Berdasarkan data statistik dari United States International Trade Commission (USITC) pada tahun 2019 ekspor Indonesia yang menggunakan GSP mencapai USD 2,61 milyar atau setara 13,1% dari total ekspor Indonesia ke AS (yaitu sebesar USD 20.1 milyar).
Ekspor GSP Indonesia di tahun 2019 berasal dari 729 pos tarif barang dari total 3572 pos tarif produk yang mendapatkan preferensi tarif GSP.
Dari Januari-Agustus 2020 di tengah pandemi nilai ekspor Indonesia yang menggunakan fasilitas GSP tercatat USD 1,87 milyar atau naik 10,6 persen dibandingkan periode yang sama di
tahun sebelumnya.
“Dengan perpanjangan pemberian fasilitas GSP ini diharapkan nilai ekspor Indonesia akan semakin meningkat,” demikian Press Briefing Menteri Luar Negeri Indonesia, Retno Marsudi, Minggu (1 November 2020).

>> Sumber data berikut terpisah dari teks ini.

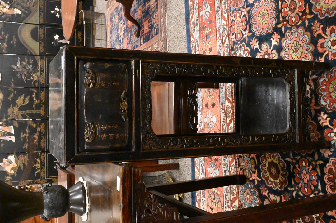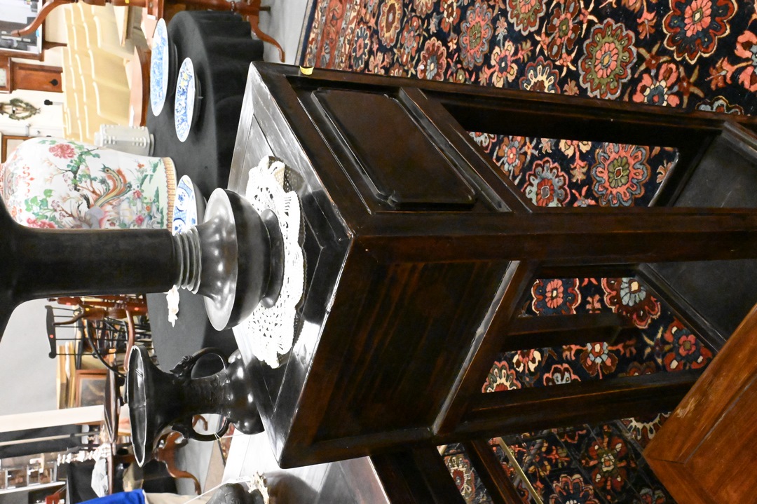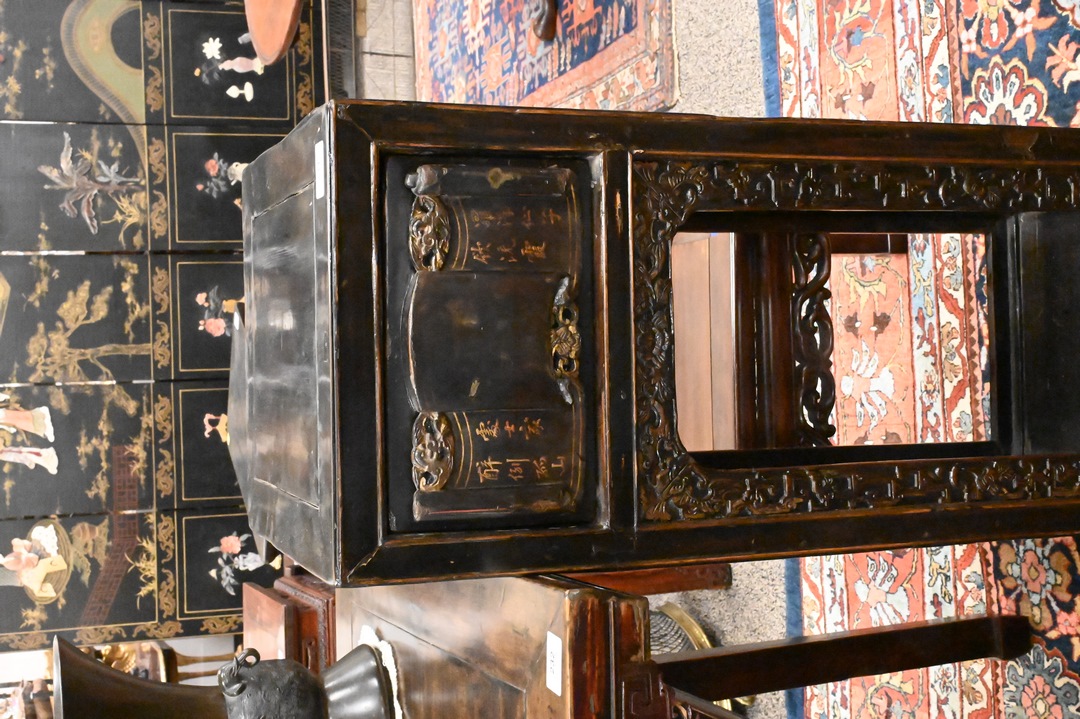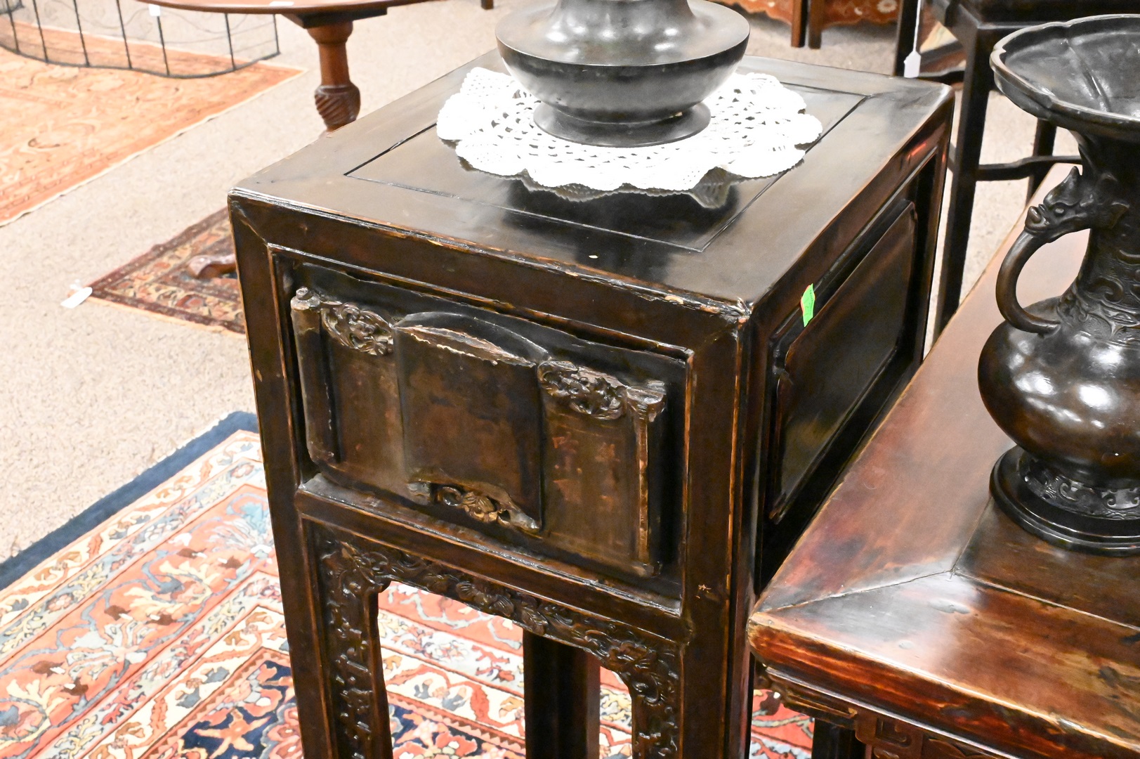 Pair of Chinese Tall Fern Stands, each having writing on fronts, height 41 1/2 inches, top 13 1/4″ x 14 3/4″. Provenance: Estate of Peter Tillou, Litchfield, Connecticut.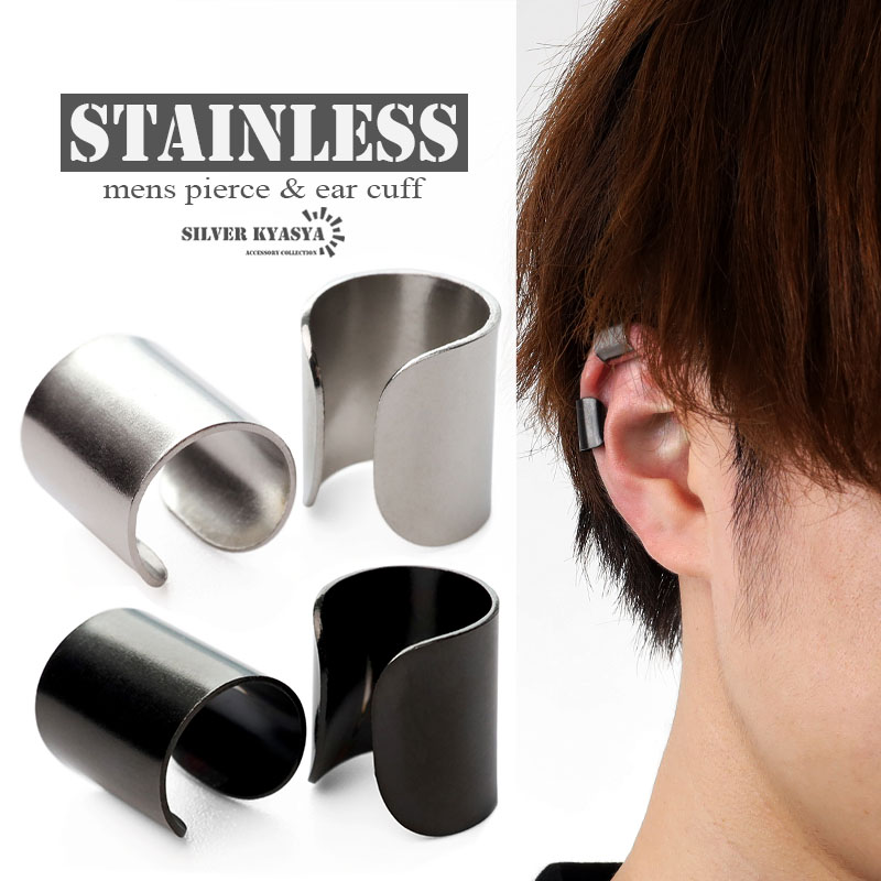 両耳用2点セット シンプルイヤーカフ ロング ステンレス イヤーカフ メンズ ブラック 男性 挟むだけ silver 耳の穴不要 金属アレルギー対応

Dalam kunjungan Menlu AS Mike Pompeo ke Indonesia selama tiga hari di bulan Oktober 2020, baik dalam pertemuan bilateral dengan Menlu Retno Marsudi maupun kunjungan kehormatan kepada Presiden RI, isu GSP menjadi salah satu bahasan utama kedua negara.
“Keputusan USTR ini tentunya kita sambut dengan baik dan mudah-mudahan dapat terus kita manfaatkan untuk memperkuat perdagangan kita dengan AS,” ujar Menlu.
Perdagangan yang kuat antara Indonesia-AS diharapkan akan
menjadi katalis bagi peningkatan investasi kedua negara. AS merupakan negara tujuan ekspor non migas terbesar RI kedua setelah China, dengan total nilai perdagangan dua-arah mencapai USD 27 milyar di tahun 2019.
Ekspor Indonesia ke AS periode Januari-Agustus 2020 mencapai USD 11,8 miliar meningkat hampir 2% dibandingkan periode yang sama tahun 2019 sebesar USD11,6 miliar. Kenaikan ini terjadi di tengah situasi pandemi, dan saat impor AS dari seluruh dunia turun 13%.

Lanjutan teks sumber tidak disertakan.